There are several conditions when bootstrapping is not appropriate, such for example when the population variance is infinite, or when the population values are discontinuous at the median. And, there are various conditions where tweaks to the bootstrapping process are necessary to adjust for bias.
How is the output value determined in the Random Forest Regression?
The algorithm operates by constructing multiple decision trees at training time and outputs by taking the mean of predictions of the individual trees.

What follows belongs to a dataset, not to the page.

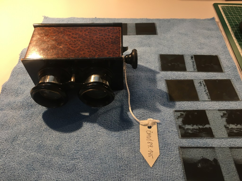 Die Wartezeit nutzte Anton um seine Stereokamera aufzustellen und ein Erinnerungsfoto zu machen. Als schließlich alles aufgebaut und eingestellt war, kam ein Passant daher und lief ihm ins Bild. Anton war ziemlich aufgebracht, die Glasplatten waren ja wertvoll und jede Aufnahme wollte wohlüberlegt sein!

How does the classification work for multi-class problems in Random Forest?
Similar to Binary class predictions, it works the same on the multi-class use cases. At the final stage, the prediction is made based on the majority of the class among different class labels.
What value does the leaf nodes have in Decision Tree Regressor
In Random Forest Regression, leaf nodes contain the continuous values that can be used for outcome-based on conditions’ satisfiability.
Does Bagging handle the class imbalance?
We need to handle the data class imbalance before it passes to the model. Bagging models do not have an implicit mechanism to handle the class imbalance, so it should be handled beforehand.
In a random forest, what does “sampling the features at each node” mean?
It means that we are taking a subset of all features to decide the best split at each stage, unlike decision trees where we use all the features at each stage.
Does ensemble models computationally expensive?
Yes, it is more computationally expensive than the traditional machine learning algorithms. The bagging usually creates n number of trees and fits on different subsets of the data. For a larger chunk of data, training ensemble models takes a huge time and RAM.